Question #3: I want to buy Apple, but the stock costs several hundred
dollars per share, and I don’t have enough money to buy 100 shares. Should I
stick to cheaper stocks?
Answer: This question requires two answers. First, regarding the issue
of purchasing 100 shares. A couple of decades ago, buying shares in round
lots of 100 mattered. Brokers didn’t like dealing with smaller trades, and in
many cases they charged lower commissions for round lots. Some fullservice brokers still prefer to deal in round lots, but with securities trading
electronically and discount brokers charging a fixed rate for most trades,
today you can buy 87 shares of Stock A and 42 shares of Stock B, and
nobody will give you a hard time.
The financial world has evolved, and dollar-based investing has become
popular. Dollar-based investing focuses on the size of the stock position in
dollars, not shares. Suppose you have $25,000 to invest and wish to
purchase 10 stocks. Consider putting $2,500 in each stock, which equates to
50 shares of a $50 stock, 83 shares of a $30 stock, or 29 shares of an $80
stock. Holding equal dollar amounts of all your stocks not only reduces the
risk inherent in lopsided portfolios (if your biggest holding falls, it causes a
disproportionate decline in the value of your entire portfolio), but also
makes it easier to assess how each of your stocks are performing. If you
start out with equal-dollar positions, you can tell at a glance which stocks
have risen and which have fallen.
The second answer addresses the issue of cheap stocks. Many investors,
particularly those who began buying stocks during the days when everyone
purchased shares in round lots, still view a $100 stock as more expensive
than a $50 stock. However, professionals value stocks relative to earnings,
cash flows, or sales, and so should you.
For example, a stock that trades for $100 per share and earns $10 per
share has a price/earnings ratio of 10, while a $50 stock that earns $2.50
per share trades at 20 times earnings—and the $50 stock looks more
expensive than the $100 stock.
Whether you purchase 50 shares of the $50 stock or 25 shares of the
$100 stock, a 10% rise in the stock’s price will have the same effect—
boosting your holdings in that stock to $2,750 from $2,500.
Question #4: Which should I buy, stocks or bonds?

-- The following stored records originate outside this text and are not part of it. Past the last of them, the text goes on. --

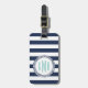 Nautical Navy Stripe & Aqua Monogram Luggage Tag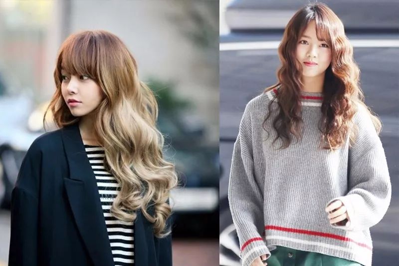 美姐放一组韩国某明星的直发与卷发对比照,同样是长发+刘海,蛋糕卷的少女感不要太轻松,隔着照片甜美范都快要溢出来了,元气满满有木有?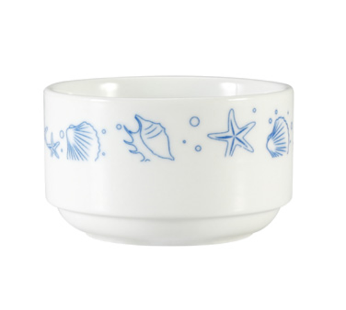 Atlantic Seashell Bouillon Cup, 12 oz., 4" dia. x 2-3/8"H, round, stacking, dishwasher, oven, and microwave safe, porcelain, Blue decorated Rim/Super White (Sold by case)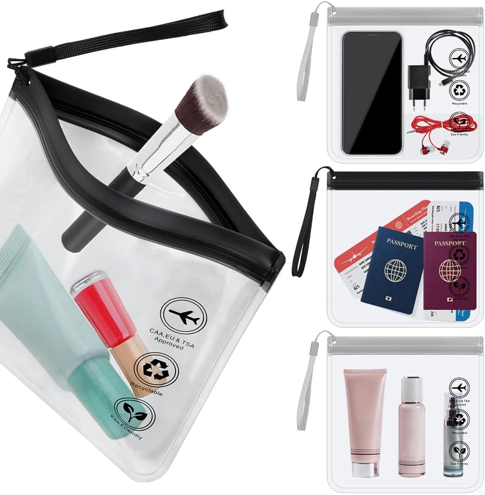 Clear Travel Toiletry Bag,IKR 4PCS Toiletry Bag Airport Security Liquids Bags 20x20cm TSA Approved Waterproof and Leafproof Cosmetic Bags for Travel Holiday Essentials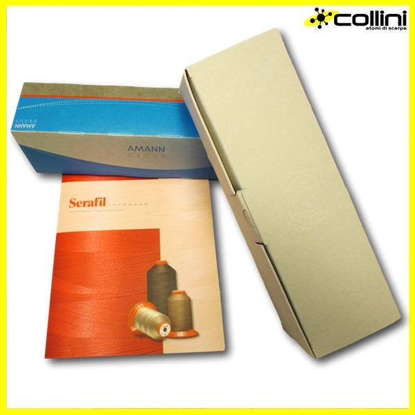 La produzione delle nuove scatole di cartone riguarda principalmente il filo poliestere Serafil per cucire a macchina e il filo poliestere ricoperto Saba per cuciture e per ricami.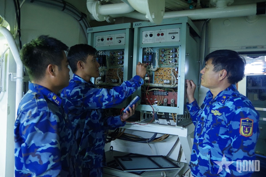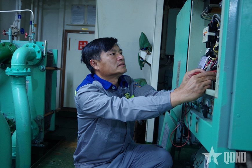 Trung tá QNCN Nguyễn Duy Nhân, Điện trưởng Tàu CSB 6001 kiểm tra các thiết bị điện.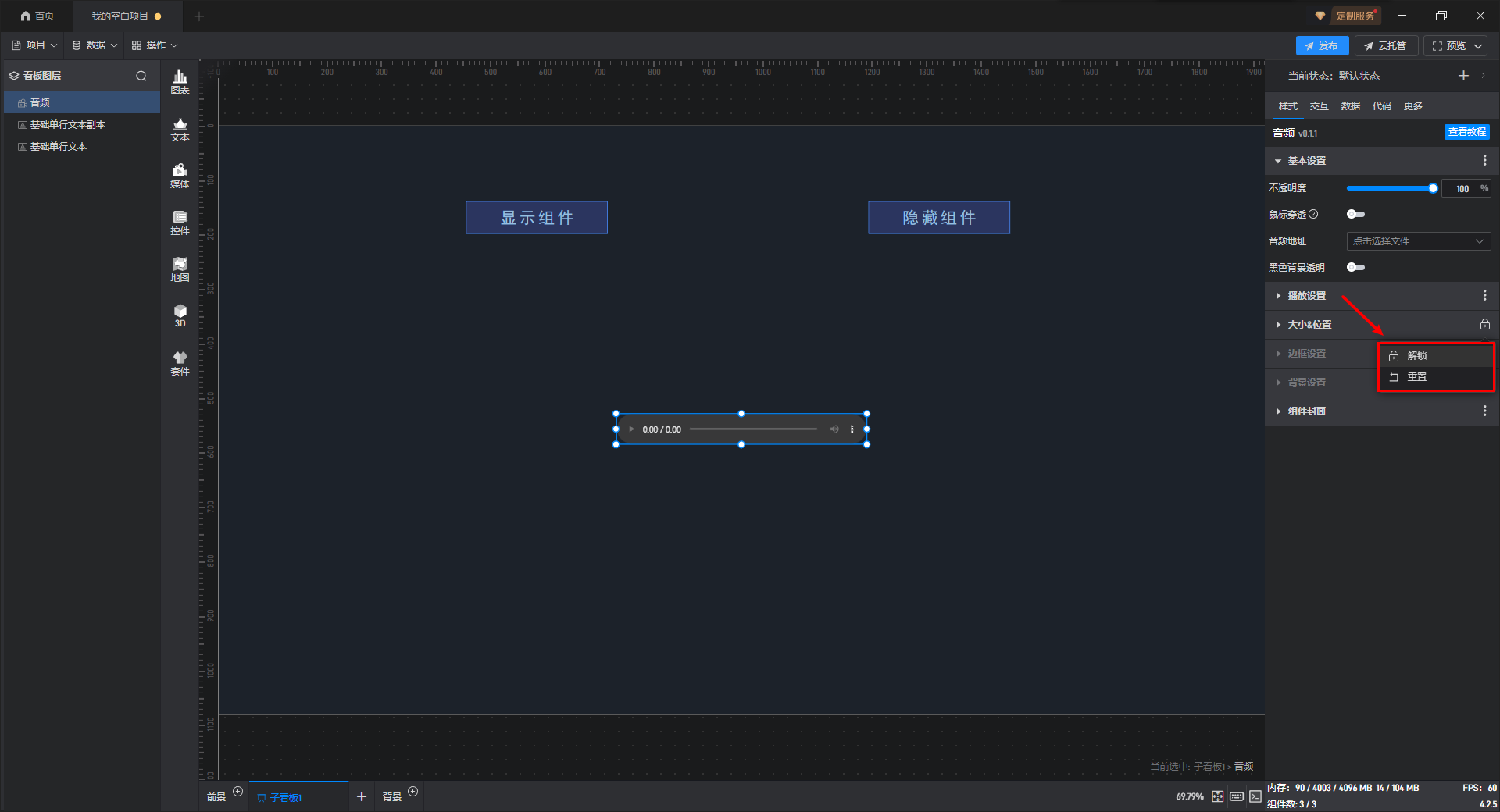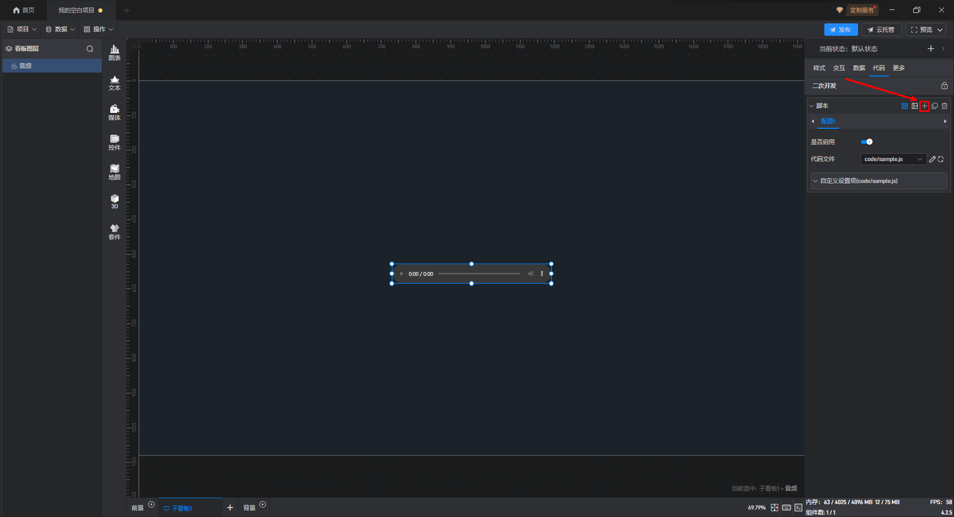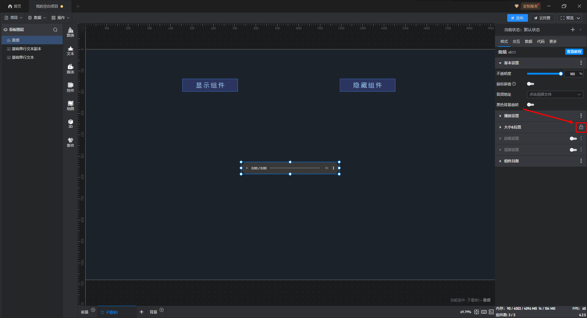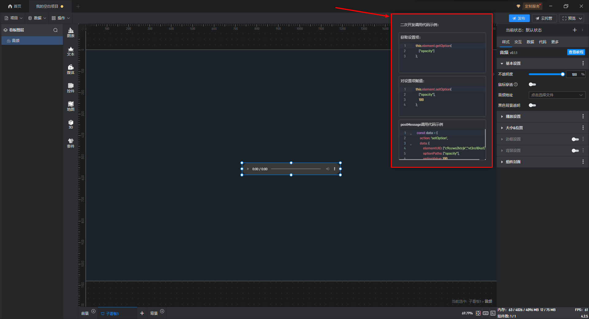 点击选中组件,将鼠标移动到音频地址设置项上,可以看到右侧出现三个点按钮。

Answer: For most investors, the smart answer is both. Both stocks and
bonds play an important role in a portfolio. While stocks offer superior
growth potential during good years (as well as a lot more downside
potential during bad years), bonds provide greater income and steadier
overall returns (though they can’t match stocks for potential upside).
While not all stocks trace the same path, they do tend to move in similar
directions. If the S&P 500 Index has returned 15% in a given year, for
example, most stocks—even those outside of the index—have probably
posted positive returns. Some tread more quickly than others, of course.
Bonds also tend to move in the same direction as other bonds, though
different classes within the bond group (such as long-term corporate bonds,
Treasury bills, high-yield bonds, etc.) will see their returns diverge.
While both bonds and stocks tend to run in loose packs, a fact investors
should exploit to reduce volatility is that those packs don’t often run
together. So, how much should you put in stocks versus bonds? There’s no
single right answer that applies to everyone. But you can start with this
longtime industry rule of thumb: Subtract your age from 110, and you have
a good baseline for stock exposure. The equation suggests a 30-year-old
should hold 80% stocks and 20% bonds, while an 80-year-old should hold
30% stocks and 70% bonds. Of course, many other factors beyond age
contribute to this decision, as discussed in Chapter 11.